§ **Exercise goal**:
Copy nothing before the line that contains "Quốc ca Việt"; from there, transcribe each line exactly through the end of the material, omitting pictures.

§ **Supplied information**:
------------------------

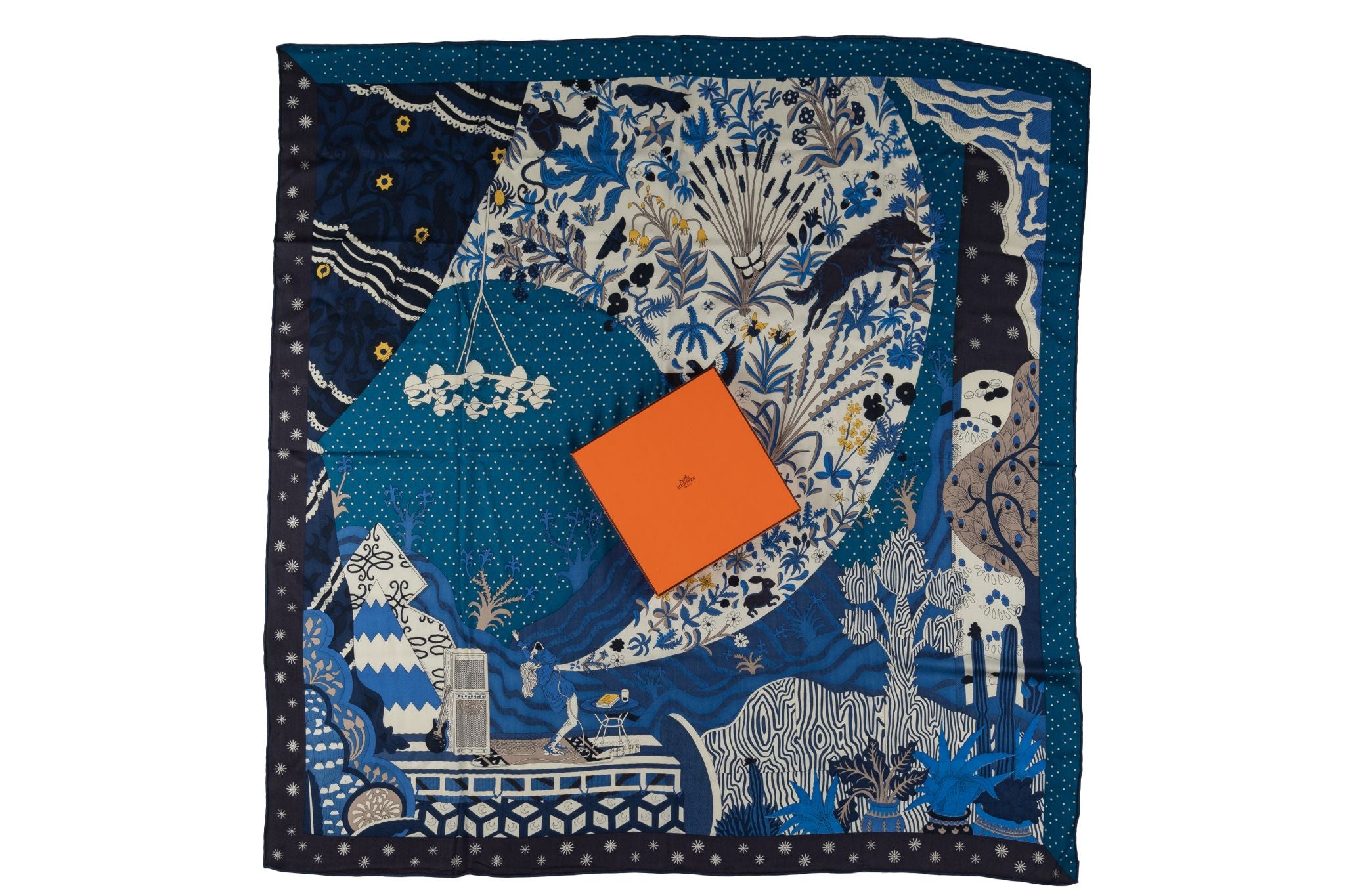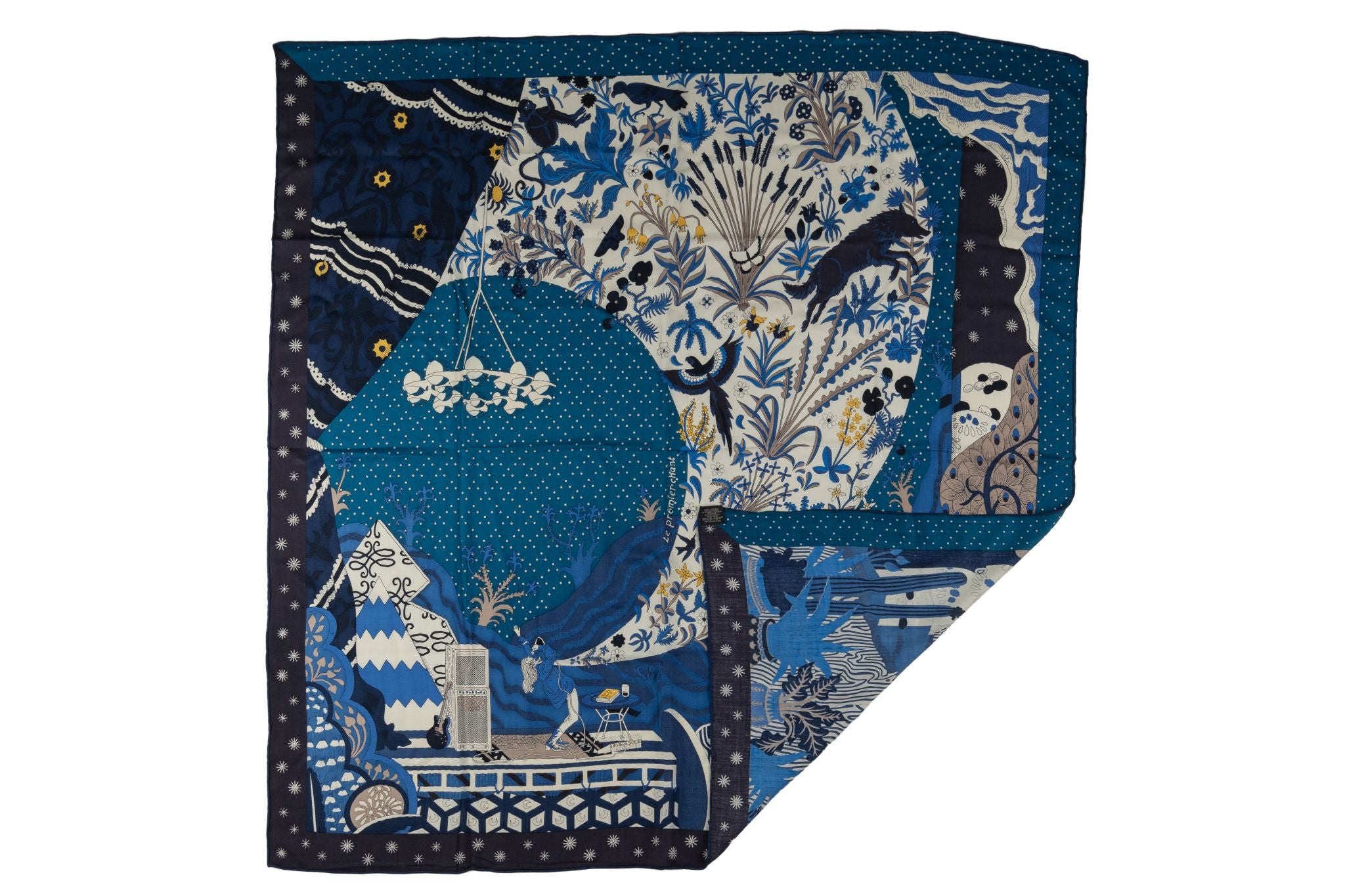 Hermès Le Premier Chant (The First Song) Silk Scarf designed by Sophia Andreotti and Edouard Baribeaud for Spring/Summer 2022. Features hand-rolled edges and comes with original box.
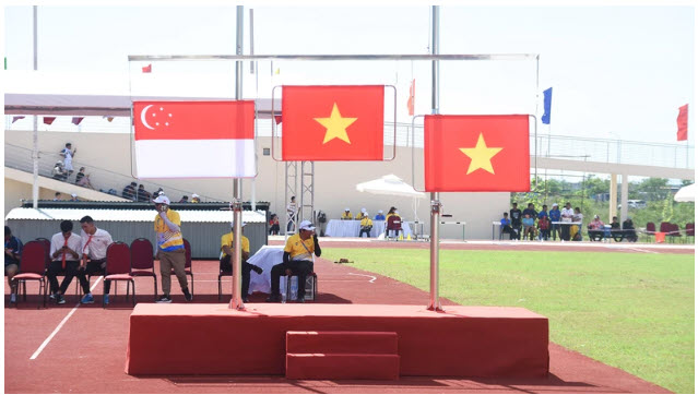 Quốc ca Việt Nam nhiều lần ngân vang trong ngày thi đấu đầu tiên của bộ môn điền kinh tại Đại hội thể thao học sinh Đông Nam Á.
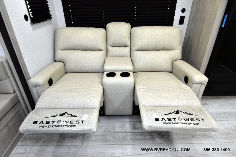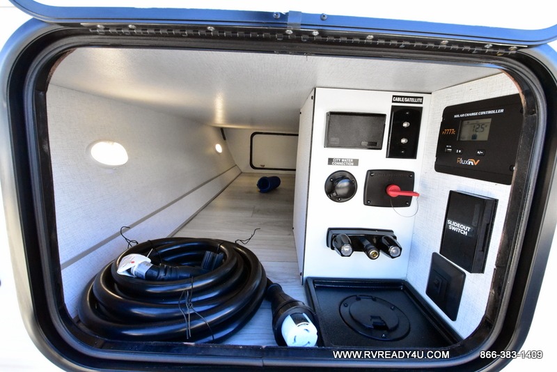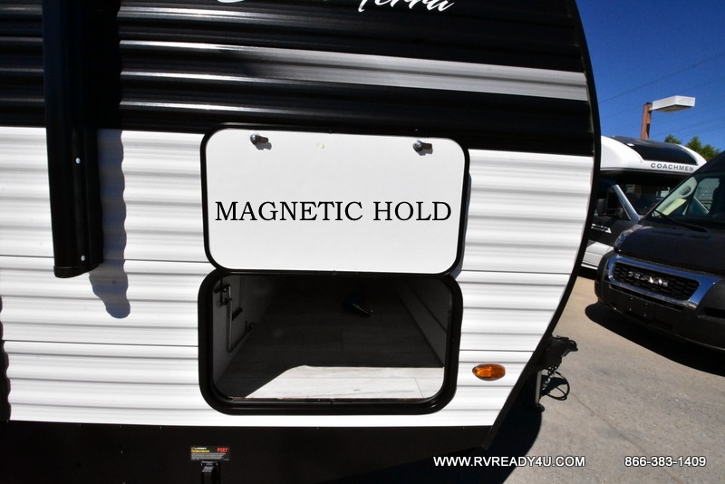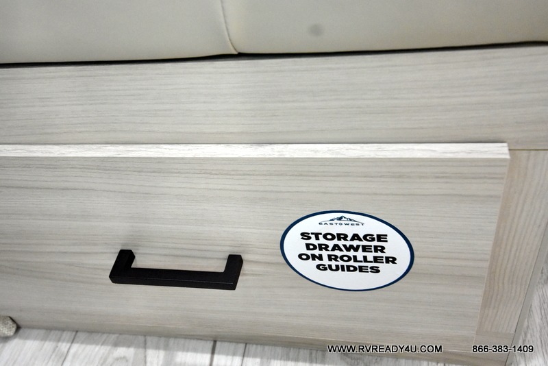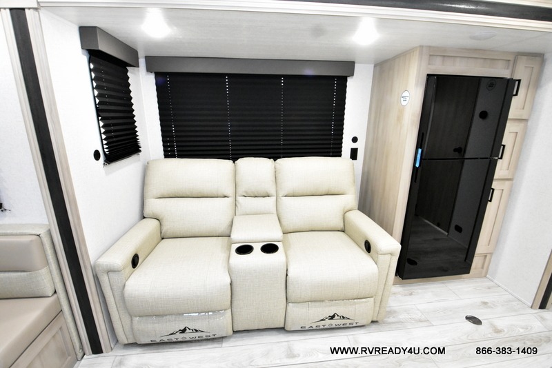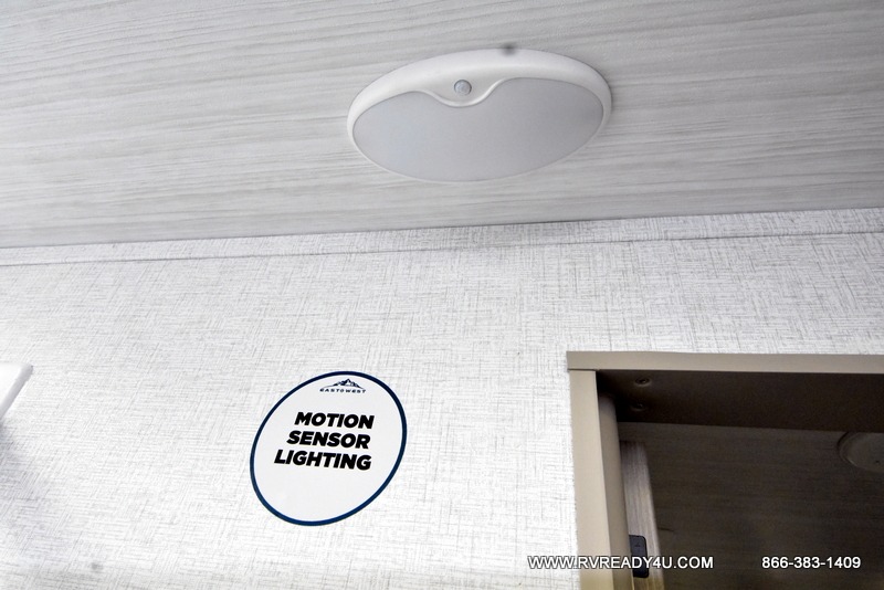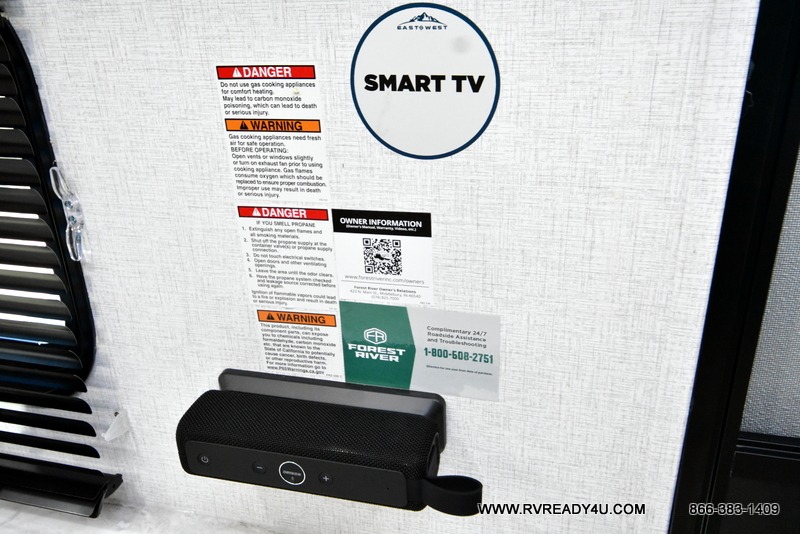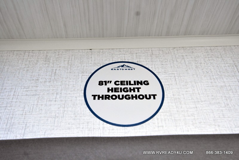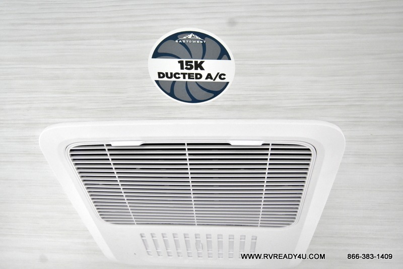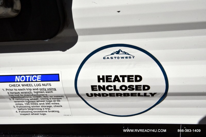 Each Della Terra travel trailer by EAST TO WEST is constructed with an enclosed and heated underbelly and enclosed holding tanks for added protection against the elements. There is also a power tongue jack with an LED light for easy set up and a power awning with LED lights you can rest under after you've unpacked. The Explore Comfort Package comes seamless pressed countertops, kitchen backsplash, window valance package with black night shades, and many more comforts. You will also appreciate the Adventure Outdoor Package with backup camera prep and solar prep, a tankless water heater, an RV grill quick disconnect, and a universal docking station with battery disconnect.

------------------------

§ **Output of the task**:
 Quốc ca Việt Nam nhiều lần ngân vang trong ngày thi đấu đầu tiên của bộ môn điền kinh tại Đại hội thể thao học sinh Đông Nam Á.
 Each Della Terra travel trailer by EAST TO WEST is constructed with an enclosed and heated underbelly and enclosed holding tanks for added protection against the elements. There is also a power tongue jack with an LED light for easy set up and a power awning with LED lights you can rest under after you've unpacked. The Explore Comfort Package comes seamless pressed countertops, kitchen backsplash, window valance package with black night shades, and many more comforts. You will also appreciate the Adventure Outdoor Package with backup camera prep and solar prep, a tankless water heater, an RV grill quick disconnect, and a universal docking station with battery disconnect.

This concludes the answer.